• **Directions for this task**
Set down only these lines, exactly: the line containing "02:34:48Die Streamerin stellt" and all lines through the end of the data below. Omit pictures.
BEGIN Recorded information
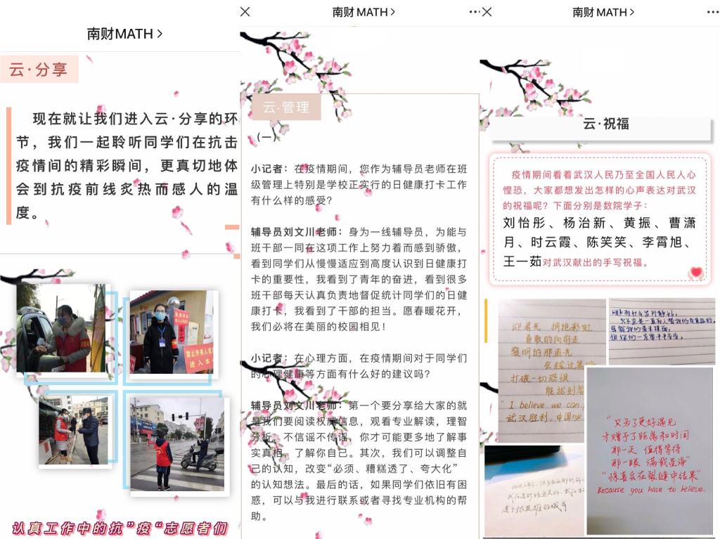 此次线上采访活动分为五个模块,即“云·分享”“云·祝福”“云·学习”“云·教学”和“云·管理”。“云·分享”主要展示同学们“宅”在家期间的生活经历。学院有五位同学参加了村内、高速口等的疫情防控志愿服务活动。其中,在小区门口做志愿者的高小涵同学认为大学生理应在特殊时期挺身而出,在村口做志愿者的龚诗钦同学则认为志愿者存在的最大意义便是为人民服务。此外,还有不少同学利用上网课外的碎片时间练字、背单词、运动打卡,更有一些心灵手巧的同学在家动手做美食。钟南山院士提出的“宅在家就是为祖国作贡献”这一观点在同学们的身上得以体现。“云·祝福”则记录了同学们对战“疫”的美好祝愿。同学们用文字、诗歌、视频等方式表达自己心中对武汉、对中国、乃至对全世界的祝福。“云·学习”记录了同学们线上学习的心得体会。同学们倡议大家应积极与老师互动,不要让网络课堂成为老师们的独角戏。“云·教学”主要围绕任课教师对线上教学的具体流程和切实体会进行采访。常微分方程刘树君老师指出,鉴于网络教学的特点,他只能“回避了艰涩的数学,但并没有回避难的数学”。为了避免高峰期网络拥堵情况,他采取了不同的应用程序教学等几套备案。教语文的刘云霞老师很早就制定好了疫情期间的教学预案以及期末考试成绩构成办法,让同学们能够提前了解到具体科目的考核标准和学习任务。“云·管理”主要通过采访学院相关老师以了解学院的疫情防控工作。经采访,同学们了解到学院成立了疫情防控小组,建立了疫情防控日报群,重点学生关心爱护群、值班群等,对于学生的健康日报打卡工作,学院不仅做到确保数据的准确,而且对数据异常情况及时跟踪,努力做好学生的思想政治教育工作和心理辅导工作等。
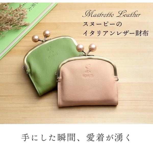 財布 スヌーピー 二つ折り がま口財布 レディース イタリアン レザー 本革 がま口 小銭入れ 小銭 お札 キャラクター 誕生日 プレゼント
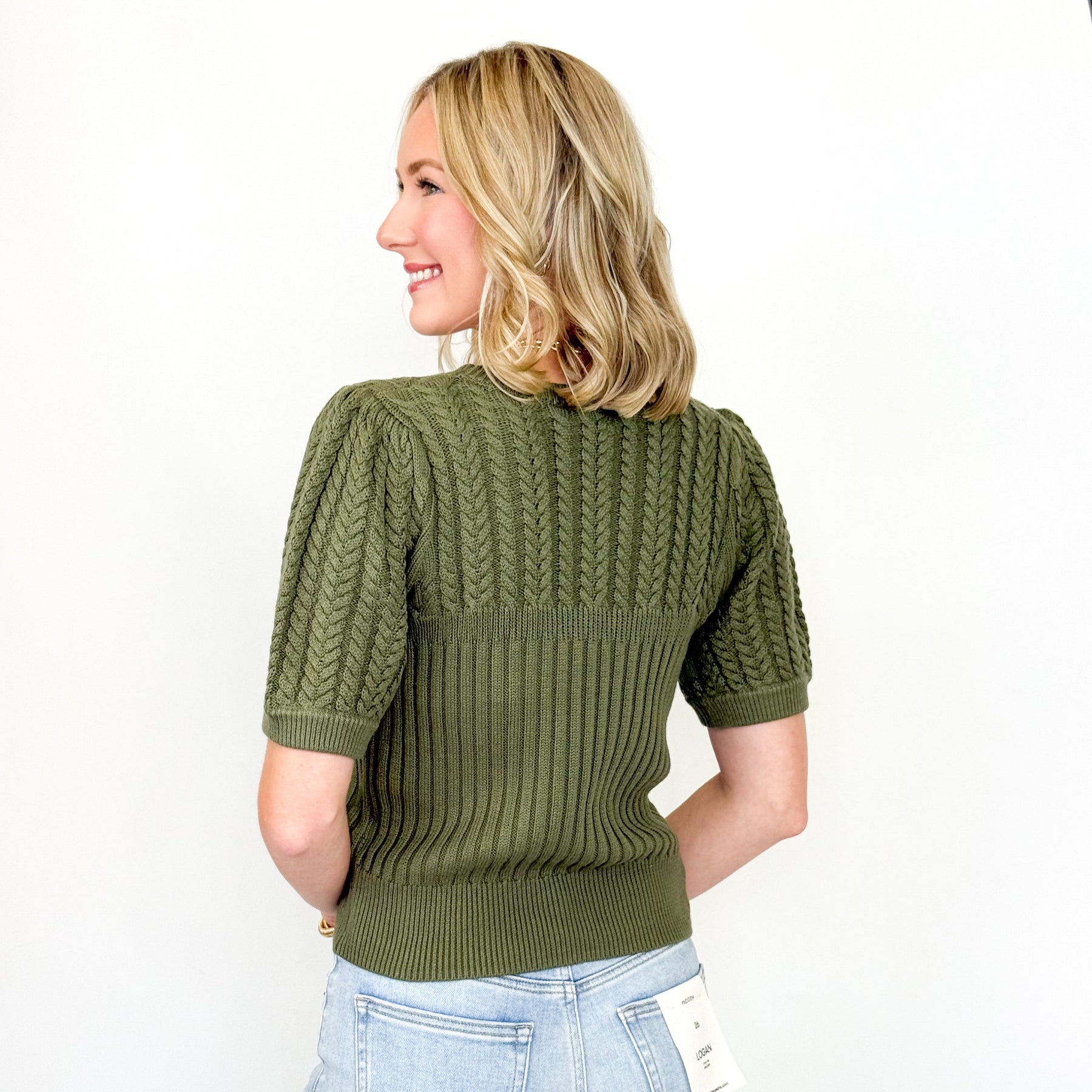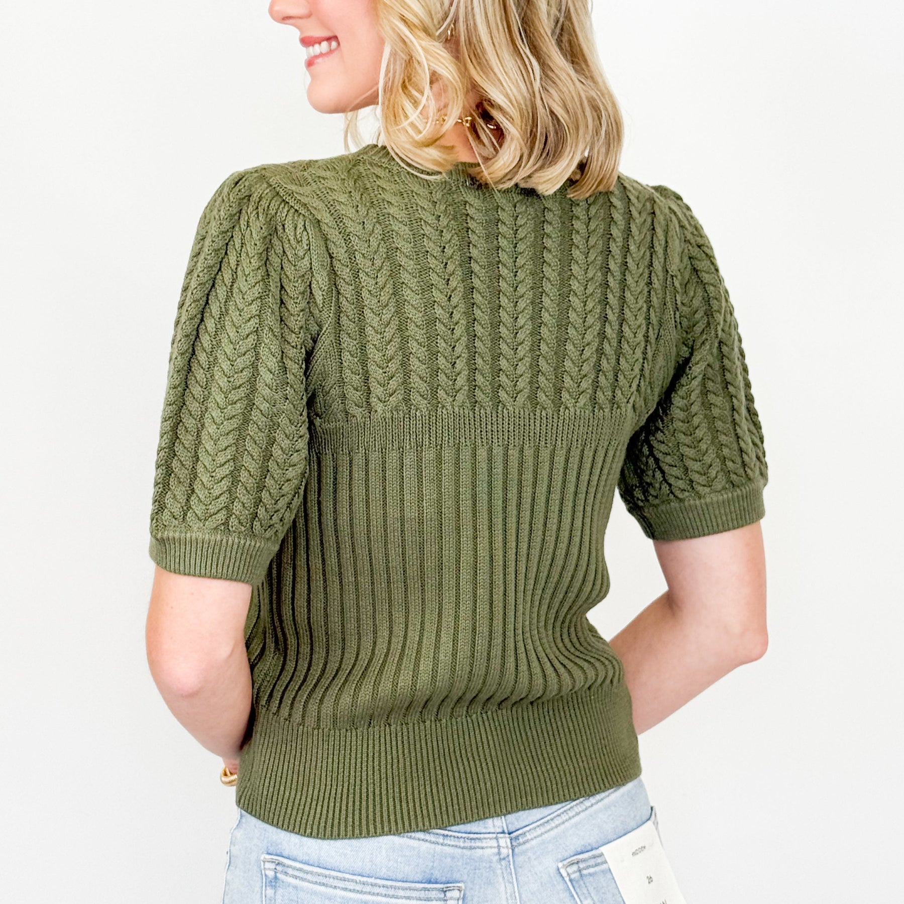 Madison - Puff Sleeve Cable Knit Sweater (Olive)
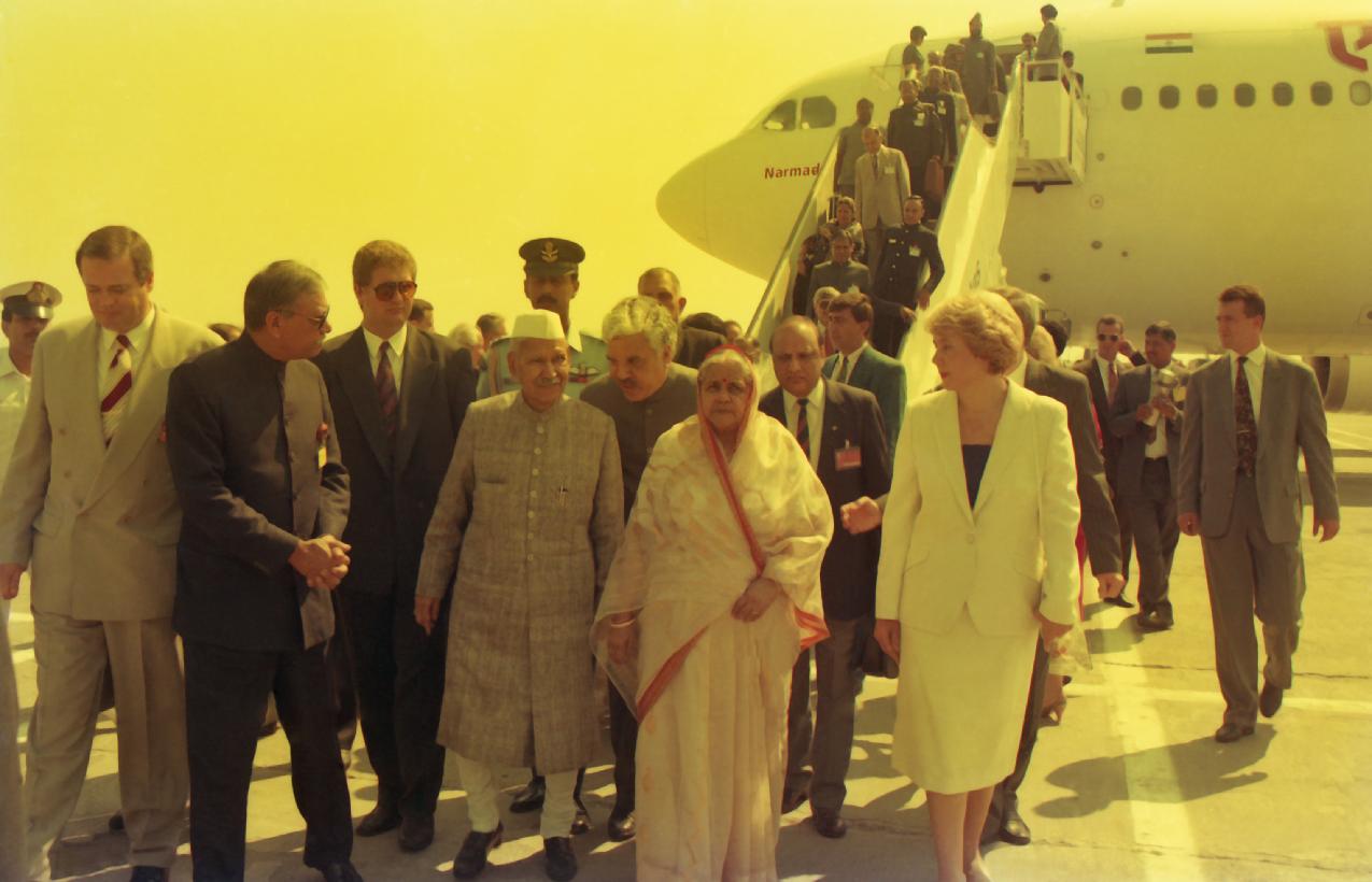 The President of India, Dr. Shankar Dayal Sharma arrives at Bucharest airport in Romania on May 30, 1994.
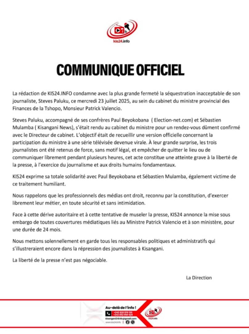 Trois journalistes locaux, Steves Paluku (kis24.info), Paul Beyokomana (election-net.com) et Sébastien Mulamba (KisanganiNews), sont actuellement…
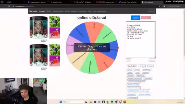 02:34:48Die Streamerin stellt das Konzept der Glücksrad-Challenge gegenüber Felix vor. Es handelt sich um ein Duell mit wechselnden Handicaps vor jedem Leg. Das Glücksrad bestimmt zufällige, spielerische Nachteile wie von einem Meter weiter entfernt werfen, im Sitzen auf einem Stuhl spielen, nur mit zwei Darts werfen oder auf einem Bein stehen. Ziel ist es, ein bestimmtes Anzahl an Legs zu gewinnen. Die beiden stimmen auf ein Best-of-Five-Format und starten sogleich mit dem ersten Durchgang, bei dem die Streamerin im Sitzen gegen Felix mit Mini-Darts antritt.
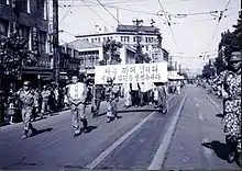 The simplest is to administer painful corporal punishment in public - the major aim may be deterrence of potential offenders - so the public will witness the perpetrator's fear and agony. This can either take place in a town square or other public gathering location such as a school, or take the form of a procession through the streets. This was not uncommon in the sentences to Staupenschlag (flagellation by whipping or birching, generally on the bare buttocks)[16] in various European states, till the 19th century.[17] A naval equivalent was Flogging round the fleet on a raft taken from ship to ship for consecutive installments of a great total of lashes.[18][19] In some countries, the punishment of foot whipping is executed in public to this day.[20]
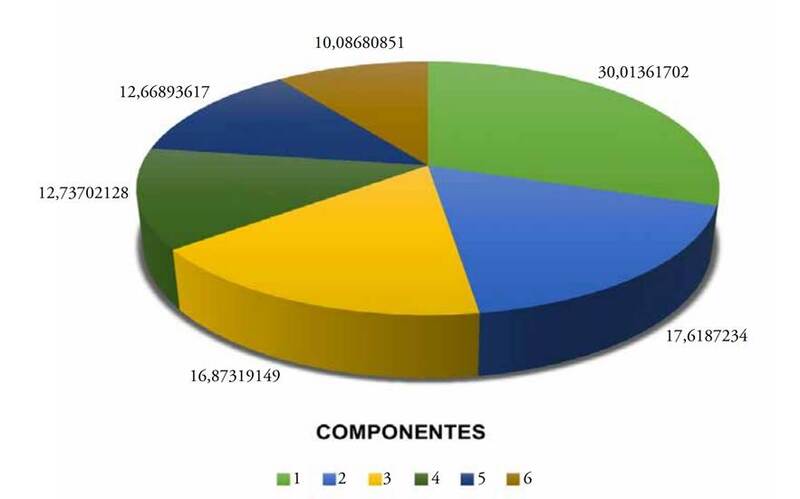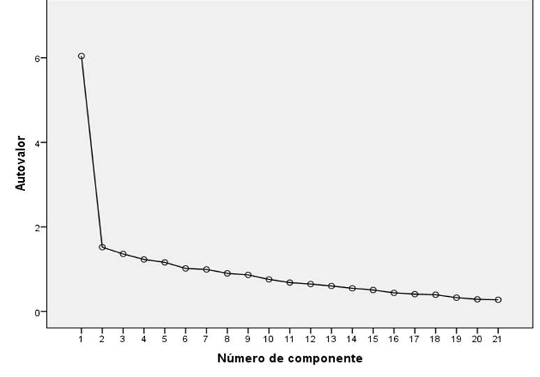 El valor de KMO de 0.845 indicó una excelente adecuación de la muestra al análisis factorial (Nica, 2020). Igualmente, la prueba de esfericidad de Bartlet con un valor de 0.000 mostró una alta significancia y señaló que la matriz es factorizable (Fernandes et al., 2020). Por su parte, la Figura 1 muestra la gráfica de sedimentación. Para ello, se escogieron los componentes cuyos valores propios (autovalores) fueran mayores que uno (valores propios > 1). Esto permitió indicar, con ayuda del algoritmo propio del análisis factorial, que se debían seleccionar seis componentes (Tabla 2).
END Recorded information
• **Solution below**
 02:34:48Die Streamerin stellt das Konzept der Glücksrad-Challenge gegenüber Felix vor. Es handelt sich um ein Duell mit wechselnden Handicaps vor jedem Leg. Das Glücksrad bestimmt zufällige, spielerische Nachteile wie von einem Meter weiter entfernt werfen, im Sitzen auf einem Stuhl spielen, nur mit zwei Darts werfen oder auf einem Bein stehen. Ziel ist es, ein bestimmtes Anzahl an Legs zu gewinnen. Die beiden stimmen auf ein Best-of-Five-Format und starten sogleich mit dem ersten Durchgang, bei dem die Streamerin im Sitzen gegen Felix mit Mini-Darts antritt.
 The simplest is to administer painful corporal punishment in public - the major aim may be deterrence of potential offenders - so the public will witness the perpetrator's fear and agony. This can either take place in a town square or other public gathering location such as a school, or take the form of a procession through the streets. This was not uncommon in the sentences to Staupenschlag (flagellation by whipping or birching, generally on the bare buttocks)[16] in various European states, till the 19th century.[17] A naval equivalent was Flogging round the fleet on a raft taken from ship to ship for consecutive installments of a great total of lashes.[18][19] In some countries, the punishment of foot whipping is executed in public to this day.[20]
 El valor de KMO de 0.845 indicó una excelente adecuación de la muestra al análisis factorial (Nica, 2020). Igualmente, la prueba de esfericidad de Bartlet con un valor de 0.000 mostró una alta significancia y señaló que la matriz es factorizable (Fernandes et al., 2020). Por su parte, la Figura 1 muestra la gráfica de sedimentación. Para ello, se escogieron los componentes cuyos valores propios (autovalores) fueran mayores que uno (valores propios > 1). Esto permitió indicar, con ayuda del algoritmo propio del análisis factorial, que se debían seleccionar seis componentes (Tabla 2).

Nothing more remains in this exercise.